Task item
Transcribe word for word the lines below from the line with "Этот потрясающе красивый" through the line with "Begrüßen Sie Ihren", ends included.

Dataset records
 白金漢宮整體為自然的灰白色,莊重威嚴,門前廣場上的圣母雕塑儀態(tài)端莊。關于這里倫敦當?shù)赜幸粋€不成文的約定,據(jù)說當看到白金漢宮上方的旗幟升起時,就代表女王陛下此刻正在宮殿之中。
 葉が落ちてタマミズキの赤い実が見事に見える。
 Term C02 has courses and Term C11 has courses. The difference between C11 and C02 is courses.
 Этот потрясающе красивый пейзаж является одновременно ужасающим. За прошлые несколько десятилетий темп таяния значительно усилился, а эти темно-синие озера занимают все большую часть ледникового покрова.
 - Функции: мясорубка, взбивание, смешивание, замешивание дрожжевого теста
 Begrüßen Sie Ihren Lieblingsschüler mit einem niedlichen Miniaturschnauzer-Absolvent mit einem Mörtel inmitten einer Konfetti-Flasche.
* * *
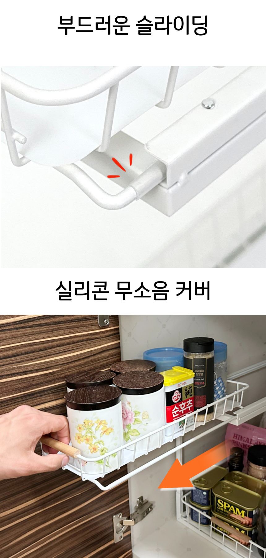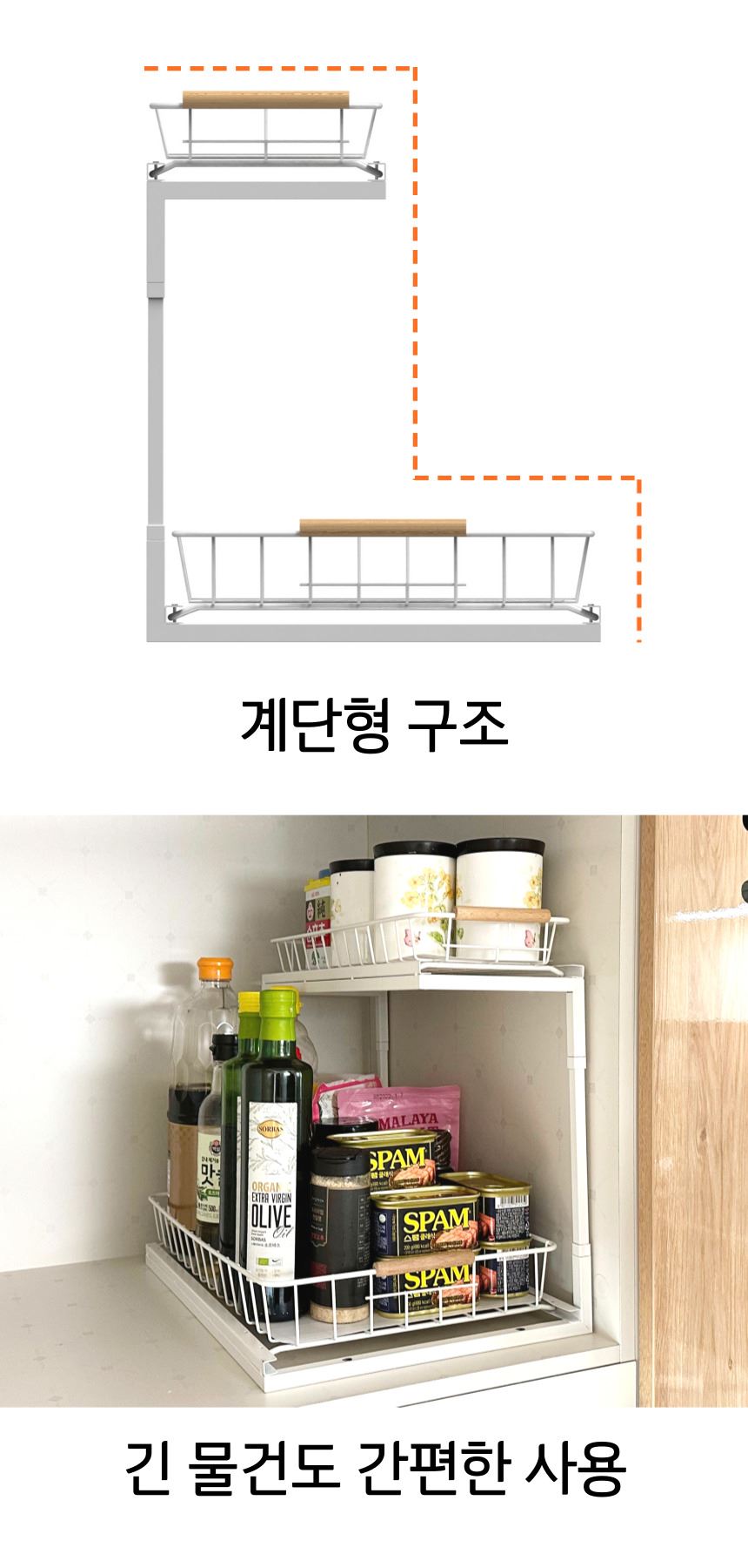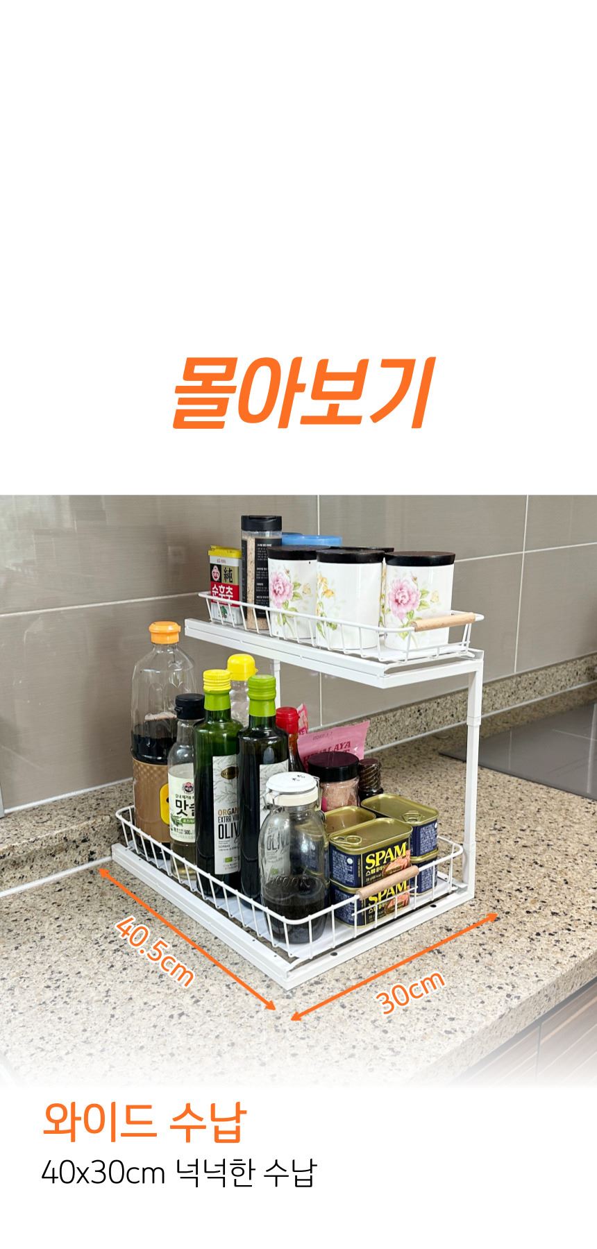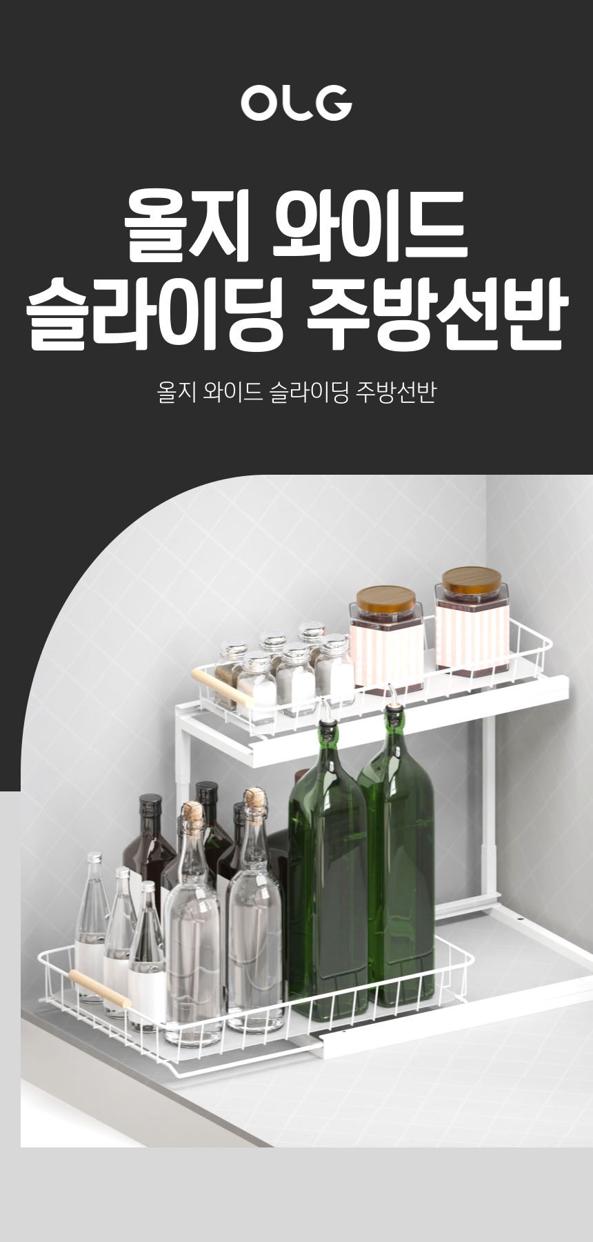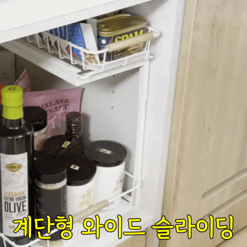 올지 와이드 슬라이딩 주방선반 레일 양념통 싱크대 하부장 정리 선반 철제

Exercise answer
 Этот потрясающе красивый пейзаж является одновременно ужасающим. За прошлые несколько десятилетий темп таяния значительно усилился, а эти темно-синие озера занимают все большую часть ледникового покрова.
 - Функции: мясорубка, взбивание, смешивание, замешивание дрожжевого теста
 Begrüßen Sie Ihren Lieblingsschüler mit einem niedlichen Miniaturschnauzer-Absolvent mit einem Mörtel inmitten einer Konfetti-Flasche.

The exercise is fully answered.